Archive

Quotes

Keep away from physicians. It is all probing and guessing and pretending with them. They leave it to nature to cure in her own time, but they take the credit. As well as very fat fees.

—Anthony Burgess, 1964

The doctor occupies a seat in the front row of the stalls of the human drama, and is constantly watching and even intervening in the tragedies, comedies, and tragicomedies which form the raw material of the literary art.

—W. Russell Brain, 1952

Physician, heal yourself: thus you help your patient too.
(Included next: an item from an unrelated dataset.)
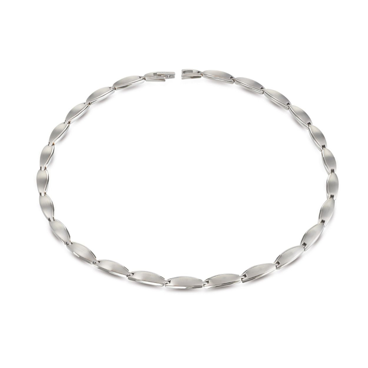 Dit gematteerde damescollier van Boccia Titanium heeft glanzende accenten. Het collier is 45 cm lang.

Let his best help be to see with his own eyes the man who makes himself well.

—Friedrich Nietzsche, c. 1884

He is the best physician who is the most ingenious inspirer of hope.

—Samuel Taylor Coleridge, 1833

The only places where American medicine can fully live up to its possibilities are the teaching hospitals.

—Bernard De Voto, 1951

The doctor should be opaque to his patients and, like a mirror, should show them nothing but what is shown to him.

—Sigmund Freud, 1912

The best physician is he who can distinguish the possible from the impossible.

—Herophilus, c. 290 BC

All pain is one malady with many names.

—Antiphanes, c. 400 BC

Because the newer methods of treatment are good, it does not follow that the old ones were bad: for if our honorable and worshipful ancestors had not recovered from their ailments, you and I would not be here today.

—Confucius, c. 515 BC

Health indeed is a precious thing, to recover and preserve which we undergo any misery, drink bitter potions, freely give our goods—restore a man to his health, his purse lies open to thee.

—Robert Burton, 1621

We have to ask ourselves whether medicine is to remain a humanitarian and respected profession or a new but depersonalized science in the service of prolonging life rather than diminishing human suffering.

—Elisabeth Kübler-Ross, 1969

Be temperate in wine, in eating, girls, and sloth, or the Gout will seize you.

—Benjamin Franklin, 1734

If a patient is poor, he is committed to a public hospital as “psychotic”; if he can afford the luxury of a private sanitarium, he is put there with the diagnosis of “neurasthenia”; if he is wealthy enough to be isolated in his own home under constant watch of nurses and physicians, he is simply an indisposed “eccentric.”